You (and others who think like you in the audience) would be fine with:
rdaa:addresseeOf a rdf:Property
    owl:sameAs rdaa:P50209

but not:
rdaa:P50209 a rdf:Property
    owl:sameAs rdaa:addresseeOf

Which both say precisely the same thing about the same resource. And that
dozens or hundreds of lexical identifiers for the same thing, just to make
life easier for developers is a bad thing. And that best practice would be
to coin a single, readable-in-English URI.

I'm afraid that I won't ever agree with that perspective, when producing
data for global distribution and consumption.

I'm personally not entirely happy with hundreds of sameAs lexical URIs. An
alternative would be a lookup service that given a label returned the
canonical URI. But I think that's more of an inconvenience to the developer
than the simple ability to use a memorable URI, based on a label in their
language, and have it resolve (permanently) to a canonical, opaque URI when
accessed by a machine: "Use 'em all, and let the machines figure it out."

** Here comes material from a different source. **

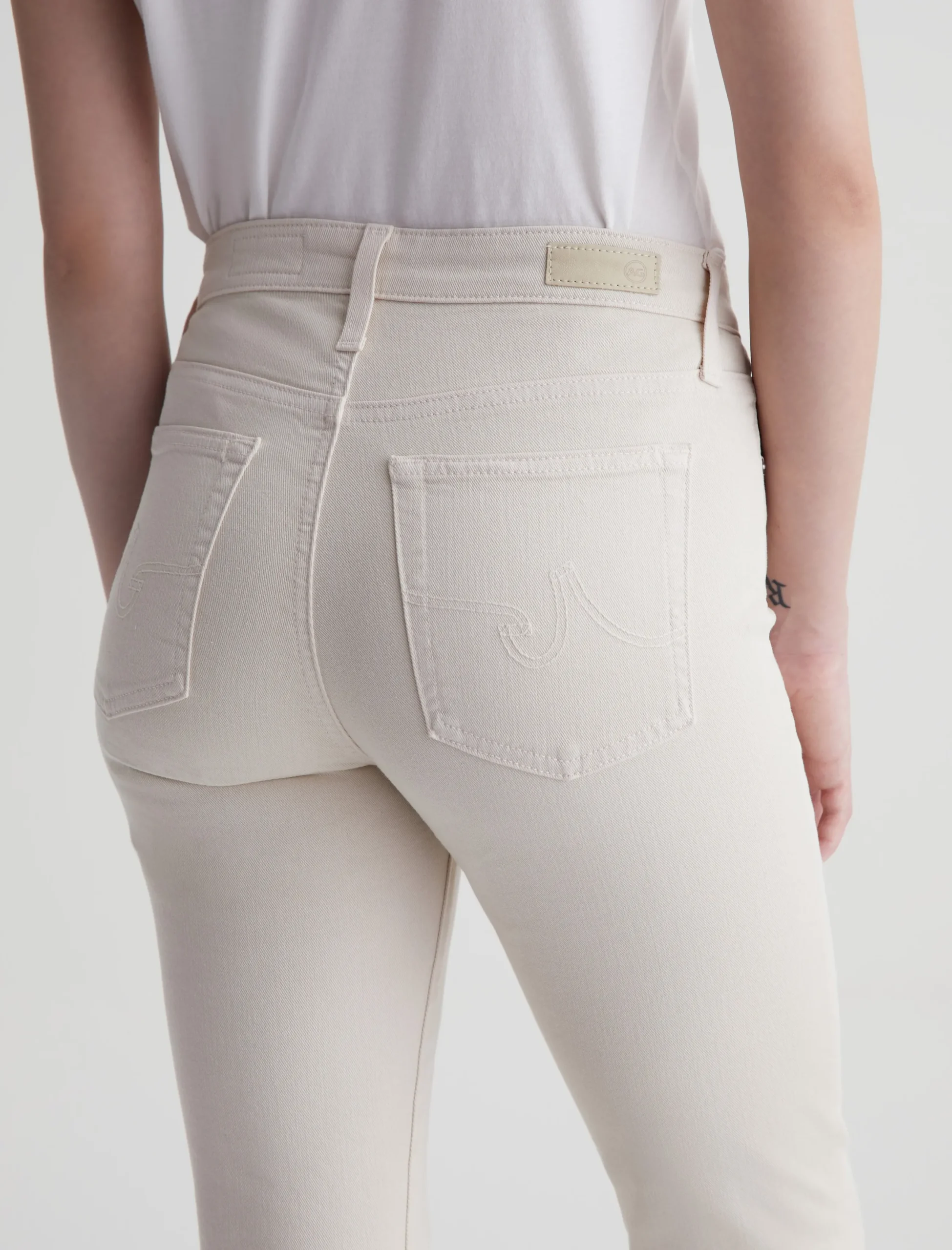 The Mari Crop is a mid-rise slim straight jean for women, updated here in off-white. Designed to fit easy around the hips, it’s cut with a straight-leg silhouette and a slim, cropped leg opening. Part of our exclusive AG Cloud Soft Denim™ offering, these women’s high-waisted jeans come in 9.7 oz. Hyper-Soft Stretch Denim. This left-hand twill fabric has special construction that allows the yarns to gently relax and untwist for a luxe, supple feel. It’s designed to get even softer the more you wear it.

> All in my opinion, and all debatable. I hope that your choice goes well for
> you,


I'd like to repeat: just because I agree with that choice, and I'm
defending it here, it wasn't my choice. Not at all. And the concerns you
express were well-aired and very carefully considered before the choice was
made.


> but would like other people to think about it carefully before
> following suit.
>

Me too! :-)

Jon
...who now has to go deal with the consequences of an ill-considered
decision to deploy an unfamiliar nginx server, on a tight deadline, instead
of my happy buddy Apache